Narrative’s “The Princess Bride”-style bookending device has a voluble old man (vet Native American thesp Ned Romero) striking up a conversation with a sullen boy (Nakotah LaRance) at a bus stop near their Indian reservation. The boy, who has run away from home, reluctantly agrees to hear a story the old man is itching to tellhim.
So begins the tale of Charlie Silvercloud III (Robert Guthrie), a young man of Native descent now living in Seattle. As seen in flashback, Charlie’s father and grandfather before him (both also played by Guthrie) both died after being run over by milk trucks on their 25th birthdays. Charlie is now just eight days from his own quarter-century milestone and more or less resigned to his fate.
While shopping for his funeral, Charlie buys a discounted casket, to the chagrin of a girl named Bessie Smith (Sascha Knopf) who had wanted the coffin for her terminally ill mother. Bessie retaliates by spray-painting corpse outlines outside Charlie’s door and stealing his suit from the cleaners — in short, the kind of behavior that will inevitably lead to romance.
Rick Stevenson’s screenplay (which he also directed) contrives to have Charlie conclude that Bessie, not her mother, is near death, inspiring him to pursue her even as he keeps the Silvercloud family curse a secret.
With its depressive protagonist, woozy central romance, intimations of mortality and aggressively quirky supporting characters boasting names like Arnold the Addict (Brandon Whitehead) and Wild William (David Keith), pic is often reminiscent of “Garden State.”
Like that excessively cute film, “Expiration Date” is too stringy and disjointed for its sporadic charms to amount to much. Chief running gag, in which Charlie is stalked by a battalion of milk trucks, quickly wears out its welcome, especially since a daily countdown regularly reminds us that he still has a few days to live.
Lessons about living life to the fullest, even in the face of adversity, are expressed as the desire to “go down dancing” — a sentiment illustrated beautifully in a scene of Native American dance that becomes the film’s centerpiece. References to Charlie’s culture are otherwise subtle, and sometimes put across with affectionate humor.

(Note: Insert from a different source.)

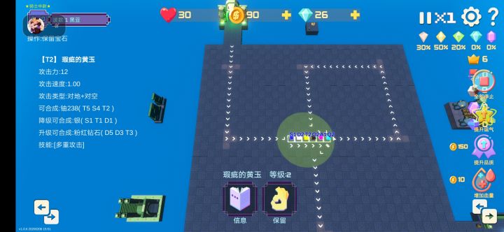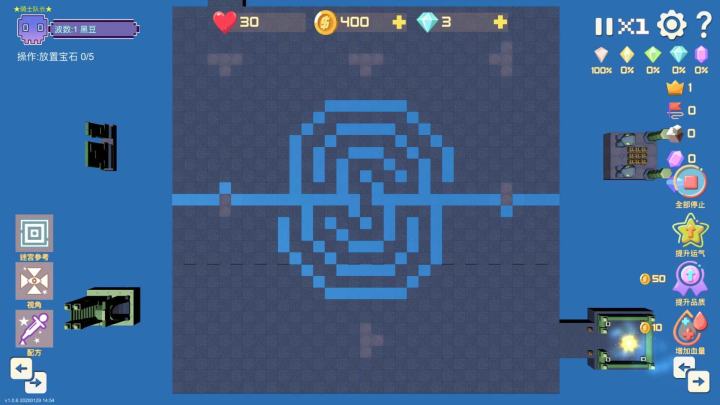 一、游戏模式1.新手模式:默认进来是新手模式,血量是正常模式的一半,到达30波即为通关。2.正常模式:只有通关新手模式,才可以开放正常模式。正常模式是无限关卡哦。二、基本玩法操作:挑战数波入侵者,血量逐波递增,难度不断加大。1.每波放置5颗随机宝石,放置结束后选择其中一颗留下,其他宝石将变为石头,可用作摆放迷宫。2.放置的5颗宝石中有2个相同的,则可以升级一个更高等级的宝石,如果出现4

Guthrie grounds the picture as best he can as the impassive hero, who reacts to almost every situation with silent bemusement. Knopf’s perf charms and grates in equal measure, as it’s not clear whether her character is supposed to be a girl-next-door type or a flailing neurotic. Dee Wallace Stone, the cast’s most recognizable face, sparkles with feeling as Charlie’s loving but understandably paranoid mother.
Bruce Worrall’s cinematography bursts with color, reflecting the story’s essential optimism where a grimmer palette might have accentuated its morose tone. Seattle locales and a steady stream of pop tunes from local bands lend the pic a highly specific flavor, though constant background shots of the Space Needle verge on obvious.